**THE TASK:** Only one stretch of the data below should be repeated: the lines from the line containing "Przecinarka do glazury" through the line containing "Шоколад растапливаем и", inclusive, exactly as they are.

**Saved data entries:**

--*--

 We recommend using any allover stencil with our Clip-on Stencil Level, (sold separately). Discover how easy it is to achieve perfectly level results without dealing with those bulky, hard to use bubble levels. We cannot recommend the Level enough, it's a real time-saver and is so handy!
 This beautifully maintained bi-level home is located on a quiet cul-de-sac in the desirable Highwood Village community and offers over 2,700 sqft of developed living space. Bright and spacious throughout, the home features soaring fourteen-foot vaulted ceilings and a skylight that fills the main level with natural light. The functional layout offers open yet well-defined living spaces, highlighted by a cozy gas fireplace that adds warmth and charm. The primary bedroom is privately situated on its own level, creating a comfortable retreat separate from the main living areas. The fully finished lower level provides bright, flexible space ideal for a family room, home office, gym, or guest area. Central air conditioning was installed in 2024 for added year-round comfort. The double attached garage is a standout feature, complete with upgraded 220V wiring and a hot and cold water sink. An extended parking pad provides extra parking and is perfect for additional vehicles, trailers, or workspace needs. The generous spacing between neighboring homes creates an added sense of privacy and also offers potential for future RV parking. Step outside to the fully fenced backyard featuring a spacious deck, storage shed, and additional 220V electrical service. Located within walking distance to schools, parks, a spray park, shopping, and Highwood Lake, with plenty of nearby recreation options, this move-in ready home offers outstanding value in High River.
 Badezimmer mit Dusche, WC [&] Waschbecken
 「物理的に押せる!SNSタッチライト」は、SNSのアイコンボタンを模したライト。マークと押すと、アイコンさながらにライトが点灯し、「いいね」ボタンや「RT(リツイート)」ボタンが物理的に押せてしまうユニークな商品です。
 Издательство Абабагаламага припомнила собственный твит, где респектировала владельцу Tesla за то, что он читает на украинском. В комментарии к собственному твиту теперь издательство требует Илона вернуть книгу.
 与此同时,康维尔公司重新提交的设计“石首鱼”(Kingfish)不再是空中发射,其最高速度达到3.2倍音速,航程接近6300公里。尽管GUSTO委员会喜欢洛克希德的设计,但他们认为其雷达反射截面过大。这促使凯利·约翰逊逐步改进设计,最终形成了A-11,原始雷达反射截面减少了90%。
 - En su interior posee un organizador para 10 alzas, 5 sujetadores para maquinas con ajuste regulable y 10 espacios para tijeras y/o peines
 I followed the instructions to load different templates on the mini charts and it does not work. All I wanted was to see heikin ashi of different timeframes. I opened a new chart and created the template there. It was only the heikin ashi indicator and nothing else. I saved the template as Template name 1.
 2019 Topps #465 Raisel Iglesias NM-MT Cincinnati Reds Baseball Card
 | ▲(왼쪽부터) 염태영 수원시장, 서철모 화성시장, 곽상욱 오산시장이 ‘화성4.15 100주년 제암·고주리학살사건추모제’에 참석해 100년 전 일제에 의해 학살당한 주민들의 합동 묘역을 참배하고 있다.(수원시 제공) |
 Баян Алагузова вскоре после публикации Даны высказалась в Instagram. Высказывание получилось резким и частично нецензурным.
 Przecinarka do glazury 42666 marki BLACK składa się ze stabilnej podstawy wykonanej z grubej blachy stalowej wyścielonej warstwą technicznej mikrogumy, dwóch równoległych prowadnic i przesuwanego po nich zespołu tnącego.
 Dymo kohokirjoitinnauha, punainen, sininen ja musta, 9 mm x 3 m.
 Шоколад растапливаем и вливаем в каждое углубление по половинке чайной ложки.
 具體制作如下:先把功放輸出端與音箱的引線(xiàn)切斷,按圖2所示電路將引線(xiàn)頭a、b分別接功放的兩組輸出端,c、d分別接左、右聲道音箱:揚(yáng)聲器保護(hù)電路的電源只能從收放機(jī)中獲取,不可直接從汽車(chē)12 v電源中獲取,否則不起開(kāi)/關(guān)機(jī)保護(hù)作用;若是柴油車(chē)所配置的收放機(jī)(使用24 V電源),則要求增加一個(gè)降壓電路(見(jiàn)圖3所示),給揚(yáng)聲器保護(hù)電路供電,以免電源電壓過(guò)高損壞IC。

--*--

**ANSWER SPACE:**
 Przecinarka do glazury 42666 marki BLACK składa się ze stabilnej podstawy wykonanej z grubej blachy stalowej wyścielonej warstwą technicznej mikrogumy, dwóch równoległych prowadnic i przesuwanego po nich zespołu tnącego.
 Dymo kohokirjoitinnauha, punainen, sininen ja musta, 9 mm x 3 m.
 Шоколад растапливаем и вливаем в каждое углубление по половинке чайной ложки.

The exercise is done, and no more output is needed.